• [ACTIVITY] Leaving the pictures aside, write out the whole listing below exactly.
== TASK DATA ==
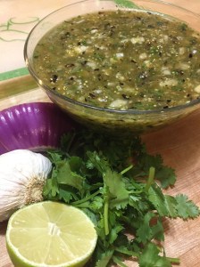 Dish up and enjoy. This was a perfect side to my pork loin but would also go well with pork chops or roast chicken. The tomatillo salsa kicked the pork up a bit.
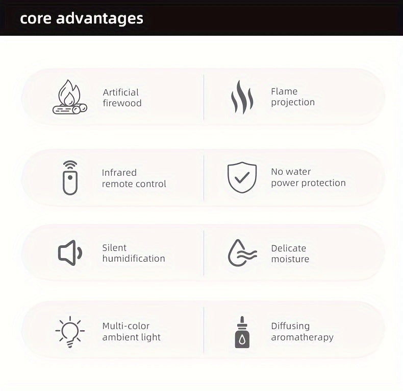 אדי מים קרים עם תאורת LED יוצרים אפקט להבה מרהיב שמרגיע את העין וממלא את החלל בניחוח עדין. שלט אחד קטן, שליטה מלאה מהספה. אידיאלי לסלון, חדר שינה ומשרד.
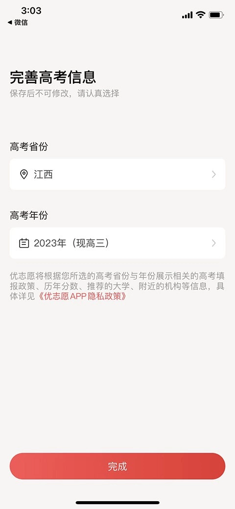 3、接下来,我们填写高考所在省份以及年份。(此处以江西为例)
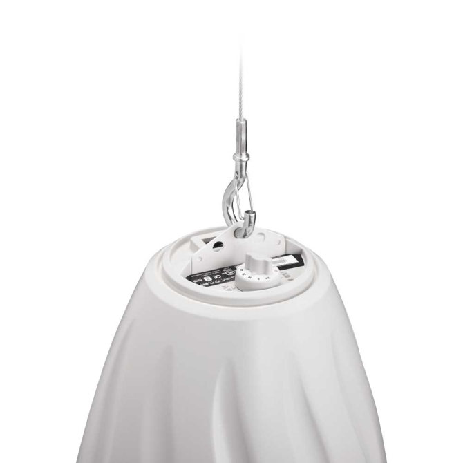 The Soundtube RS400i-WH is a pendant loudspeaker with enhanced bass response, suitable for use indoors and outdoors.
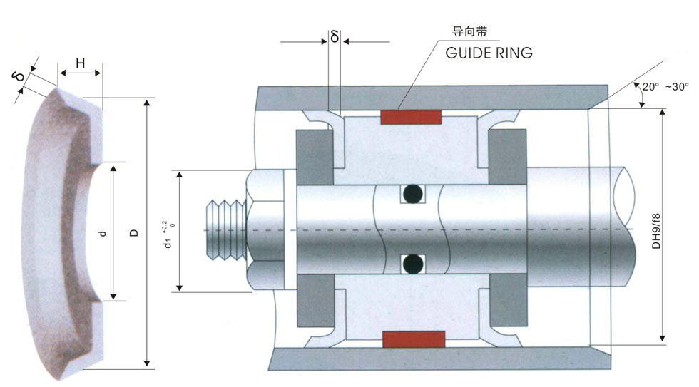 Material: nitrile rubber, polyurethane Product hardness: 70±5°A, 85±5°A Operating temperature: -40~+80°C Operating pressure: 1~32MPa Operating medium: liquid, gas Standard source: HG4-331-66G51-6
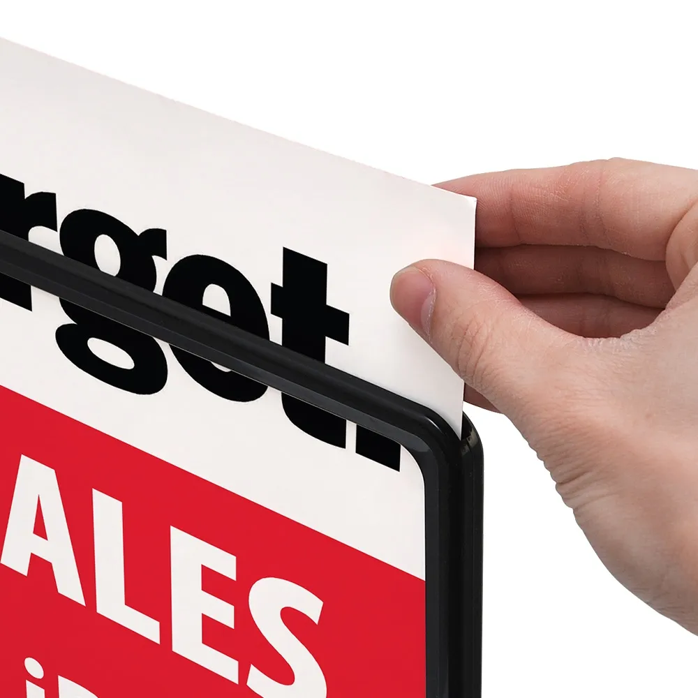 Point of sale sign in black comes with two clear lenses included with the display that help protect graphics from gathering grime and dust while on display to maintain a professional appearance. Changing out posters with these displays is extremely easy, with no tools required! The slide-in design allows for quick changes in under a minute that leaves employees plenty of time to focus on more important tasks. Order before 2 PM AEST for same day despatch to anywhere in Australia!
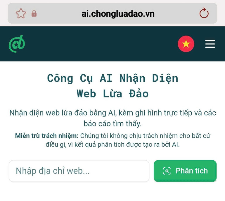 Đây là một công cụ AI nhận diện web lừa đảo do Chống Lừa Đảo phát triển
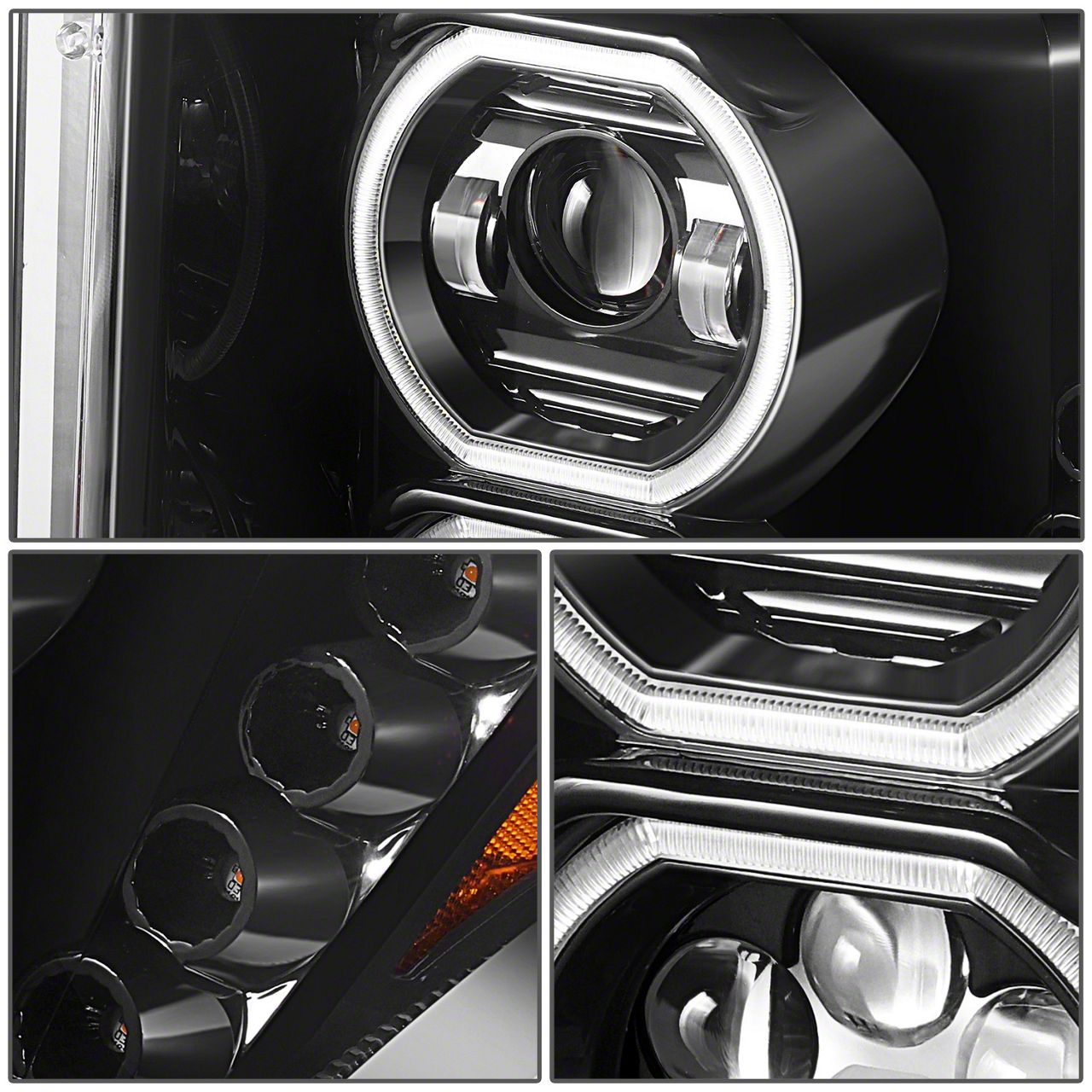 Enhanced Visibility Upgrade. The LED DRL Halo Projector Headlights are a premium lighting solution designed to enhance both the functionality and appearance of your truck. These headlights offer reliable performance and are built for drivers who demand durability and an aggressive, modern look. With LED DRLs and halo accents, this product boosts nighttime visibility while making a bold statement on the road.
===
• [TASK RESPONSE]
 Dish up and enjoy. This was a perfect side to my pork loin but would also go well with pork chops or roast chicken. The tomatillo salsa kicked the pork up a bit.
 אדי מים קרים עם תאורת LED יוצרים אפקט להבה מרהיב שמרגיע את העין וממלא את החלל בניחוח עדין. שלט אחד קטן, שליטה מלאה מהספה. אידיאלי לסלון, חדר שינה ומשרד.
 3、接下来,我们填写高考所在省份以及年份。(此处以江西为例)
 The Soundtube RS400i-WH is a pendant loudspeaker with enhanced bass response, suitable for use indoors and outdoors.
 Material: nitrile rubber, polyurethane Product hardness: 70±5°A, 85±5°A Operating temperature: -40~+80°C Operating pressure: 1~32MPa Operating medium: liquid, gas Standard source: HG4-331-66G51-6
 Point of sale sign in black comes with two clear lenses included with the display that help protect graphics from gathering grime and dust while on display to maintain a professional appearance. Changing out posters with these displays is extremely easy, with no tools required! The slide-in design allows for quick changes in under a minute that leaves employees plenty of time to focus on more important tasks. Order before 2 PM AEST for same day despatch to anywhere in Australia!
 Đây là một công cụ AI nhận diện web lừa đảo do Chống Lừa Đảo phát triển
 Enhanced Visibility Upgrade. The LED DRL Halo Projector Headlights are a premium lighting solution designed to enhance both the functionality and appearance of your truck. These headlights offer reliable performance and are built for drivers who demand durability and an aggressive, modern look. With LED DRLs and halo accents, this product boosts nighttime visibility while making a bold statement on the road.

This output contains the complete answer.